The PHR call for action explains how psychologists at the Survival, Evasion, Resistance, Escape (SERE) military training program at Fort Bragg, North Carolina were "instrumental in creating the techniques that have been used at Abu Ghraib, Guantanamo Bay and elsewhere." In addition, military psychologists have been instrumental, through their organization, the Society for Military Psychology (itself a recognized division within the American Psychological Association (APA)) in maintaining APA support for psychologist participation in coercive interrogations. I discussed this recently in my diary, Military Psychologists Oppose Torture Moratorium.

The word is that Senate committees already have gathered information preparatory to making a full-scale investigation of Bush's torture policies, including the use of medical and psychological personnel. But it may take a public outcry to make such investigations a reality.

Please join PHR in their call for a Congressional investigation. Go their action website, which automates the sending of your letter to the appropriate representatives. Or copy the letter below and send it to your Congressperson and to your Senators.

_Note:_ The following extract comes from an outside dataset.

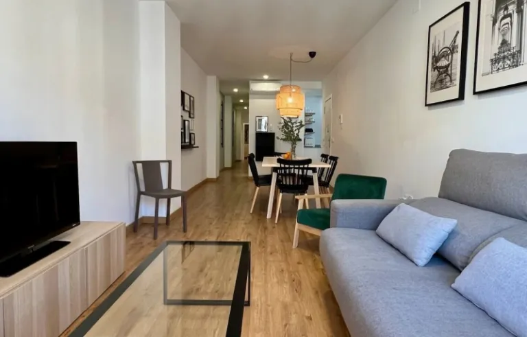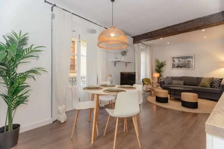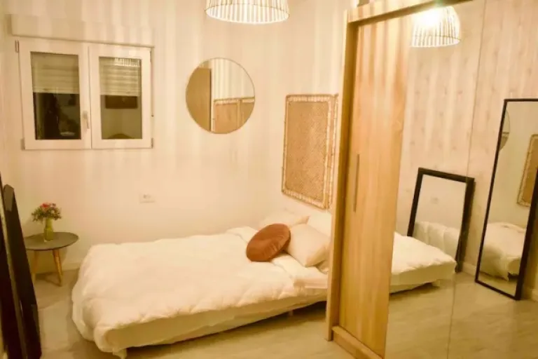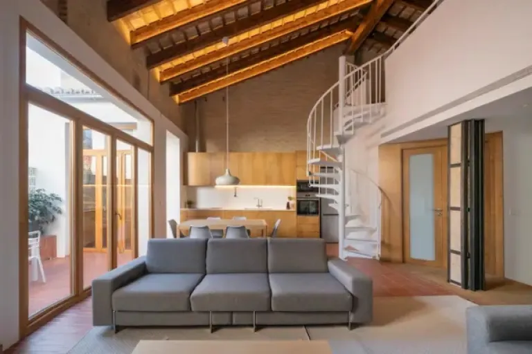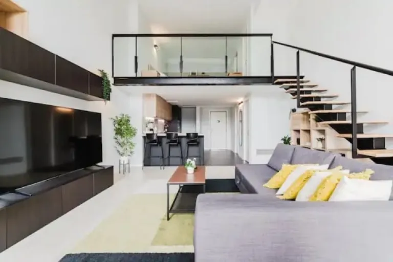 Discover the ideal family-friendly Airbnb in Valencia, Spain. This cosy loft is perfect for groups of up to six. It has two bathrooms, a comfortable double bed, and sofa beds. The fully equipped kitchen and minimalist decor with big windows create a warm atmosphere.

Congress Must Fully Investigate CIA and DoD Interrogation Methods

I am writing to request that you push for a full Congressional investigation into CIA and Department of Defense interrogations. Specifically, I would like Congress to investigate:

* the role of Survival, Evasion, Resistance, Escape (SERE) military training program techniques in CIA and DoD interrogations

* the involvement of psychologists and other health professionals in CIA and DoD interrogations

I have been deeply disturbed by the evidence brought forward by writers, such as Steven Miles, MD, Jane Mayer and Mark Benjamin, that harmful interrogation techniques, such as the use of dogs, prolonged sleep deprivation, humiliation, forcible restraint, hypothermia and compulsory intravenous infusions, may have been adapted from the SERE military training program. I am likewise alarmed that health professionals have played pivotal roles in interrogations by treating patients to prolong harsh interrogations and by using their training as behavioral scientists to break prisoners down psychologically.

Physicians for Human Rights has documented the severe physical and psychological harm caused by the current interrogation practices. Please help launch a full Congressional investigation as soon as possible, so we can learn the extent of the abuses in interrogations, how and why they occurred and put an end to these travesties.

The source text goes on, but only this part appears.